Men-only social club in Nebraska, 1883–2000

The Omaha Club was established in 1883 by business and professional men as a private male-only social club. After several temporary locations, the first permanent building, an Italian Renaissance design by architect Thomas Rogers Kimball was opened on New Year's Day 1895 at the northwest corner of 20th and Douglas Streets. Women were only allowed through a side door and restricted to a subdued ladies’ dining room. In 1965, after a vote where 85% of the membership approved, "The Little Old Lady of Douglas Street" was torn down. It was replaced in 1966 with a Leo A Daly modernist design.

==History==
At the turn of the 20th century, the Omaha Club was the most historically significant social club in the City of Omaha, having entertained many prominent guests including Winfield Scott Schley, Fitzhugh Lee, and John Coalter Bates.

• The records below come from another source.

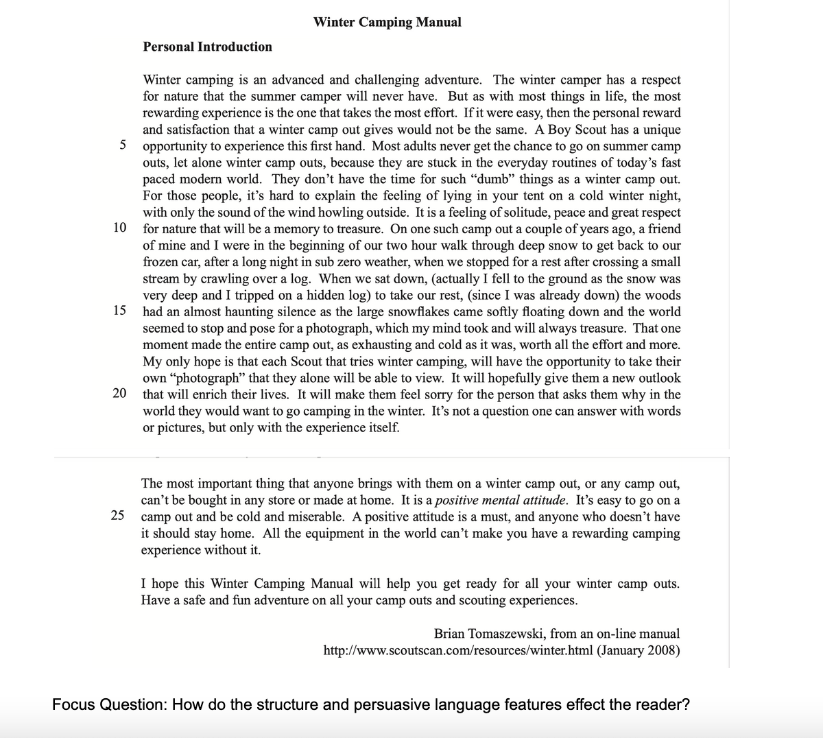 Identify and explain how 3-5 language features aid in the purpose of the text: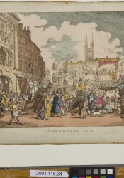 In this print, Corinthian Tom’s tailor, Mr. Primefit, has come to Corinthian House to fit Jerry Hawthorn for a new suit. Jerry stands in the center, his back to the viewer, while Mr. Primefit... Author: Egan, Pierce 31 August 1820 |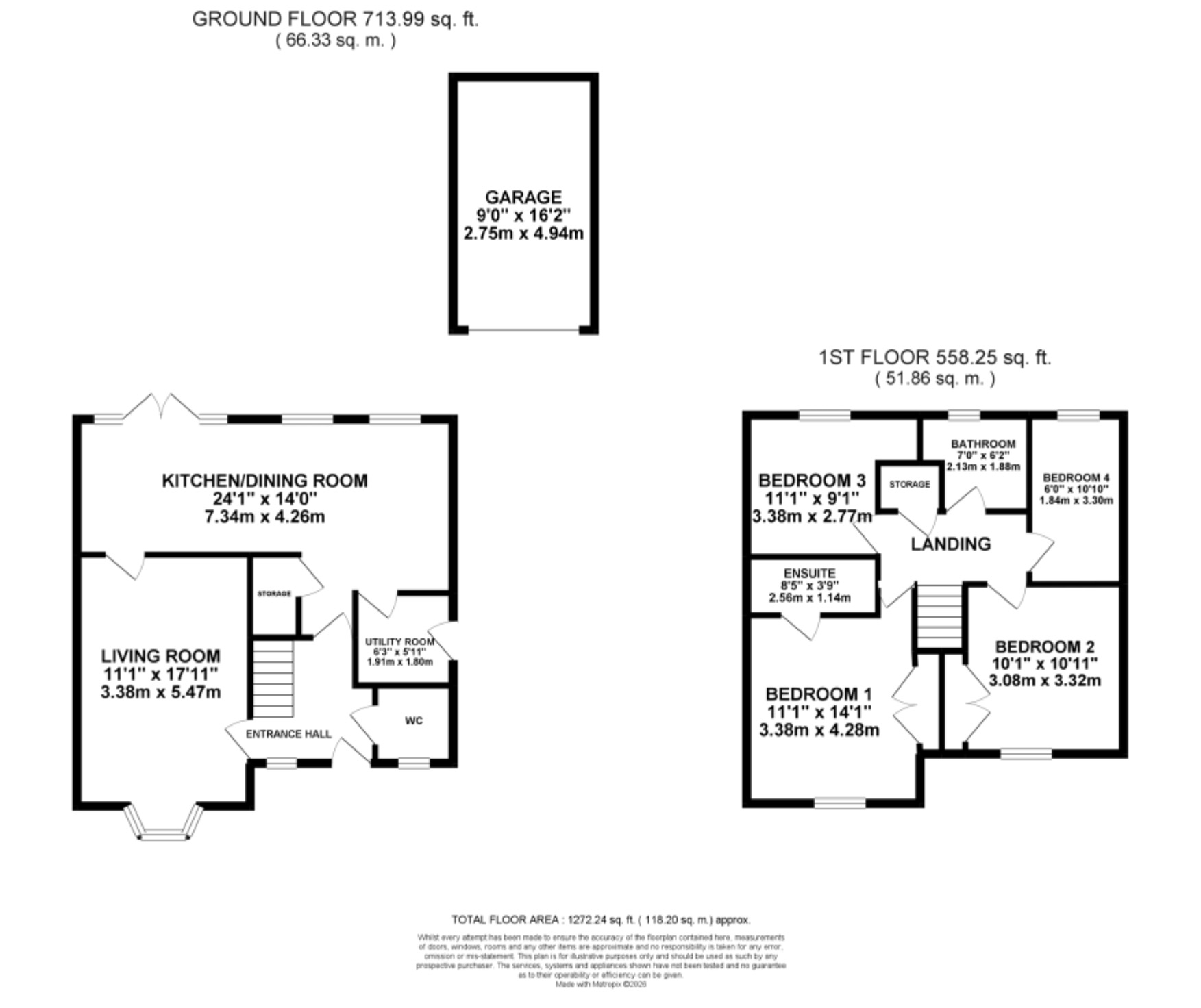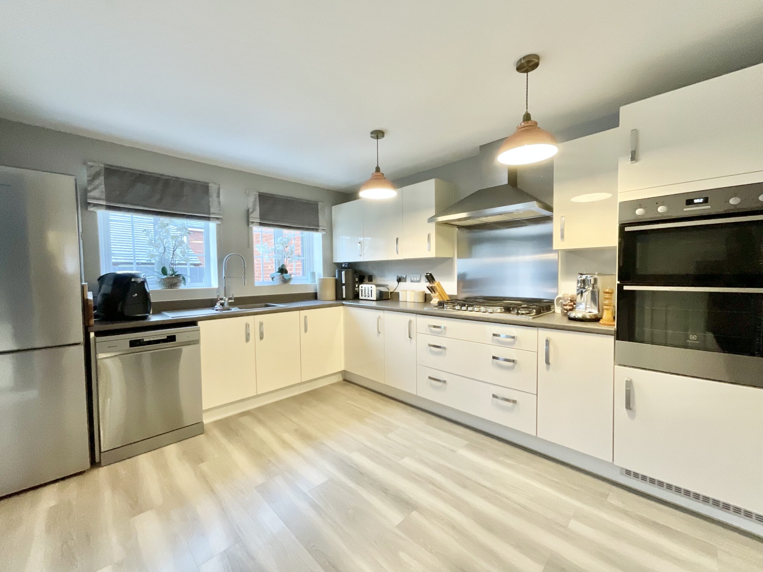 - Spacious living room with bay window, open-plan kitchen/diner with a practical L-shaped kitchen, room for appliances and a dining space. Separate utility room, under-stairs storage, and a W/C.

===Architectural features===
The Omaha Club building was three stories in height plus a basement and constructed of St Louis cream-colored brick with terra cotta trim. A billiard room, library, and reading room were in the basement. The upper floors featured large dining areas, private apartments, and an outdoor smoking terrace. The finishes were exquisite. Lavatories and floors were laid in Carrara marble. Wainscoting in the main dining room was of old cherry and sycamore wood. Three private dining rooms were finished in solid cherry, gum wood, and red birch. The third floor held ten sleeping rooms for use by members who desired to make their homes at the club.

===Presidential visits===
Five U.S. Presidents dined or registered at the club during their appearances in Omaha. From October 11 through October 13, 1898, the Omaha Club became the “Omaha White House” when President William McKinley and his party accepted an invitation to attend the Trans-Mississippi and International Exposition., Theodore Roosevelt stayed at the club on April 27, 1903, only three days after dedicating the Roosevelt Arch on April 24. While dining at the club during his one-day visit on September 20, 1909, William Howard Taft made a special request for a truce in a contentious strike by street railway employees. Appearing before the American Legion convention in Omaha on October 6, 1925, President Calvin Coolidge protested against "militarism" and urged, "tolerance in American life and regard for differences in creeds, races and religions." Nebraska's only native to become president of the United States Gerald R. Ford personally dedicated his birth site to the people of Omaha on September 21, 1977, followed by dinner with civic leaders at the Omaha Club.

==Membership==
Gurdon Wallace Wattles, an early Omaha businessman, banker, and civic leader, permanently relocated his family to "Jualita", their California estate, in January 1922. However, he maintained a sleeping room at the club for his frequent return visits, where he tended to business affairs.

In 1968, member Warren Buffett successfully ended the Omaha Club’s long-standing policy of excluding Jews by sponsoring his friend, Herman Goldstein. Once Goldstein was voted in, "the long-standing religious barrier to membership there finally toppled." Buffett singlehandedly effected what was perhaps, "the most significant organizational change since its founding in one of Omaha's most elite institutions."

==Demise==
Financial burdens and competition from exclusive membership golf courses prompted the downtown club’s dwindling constituents to approve dissolution on January 20, 2000. The building was sold to Locher, Cellilli, Pavelka & Dostal LLC law firm effective July 1, 2001.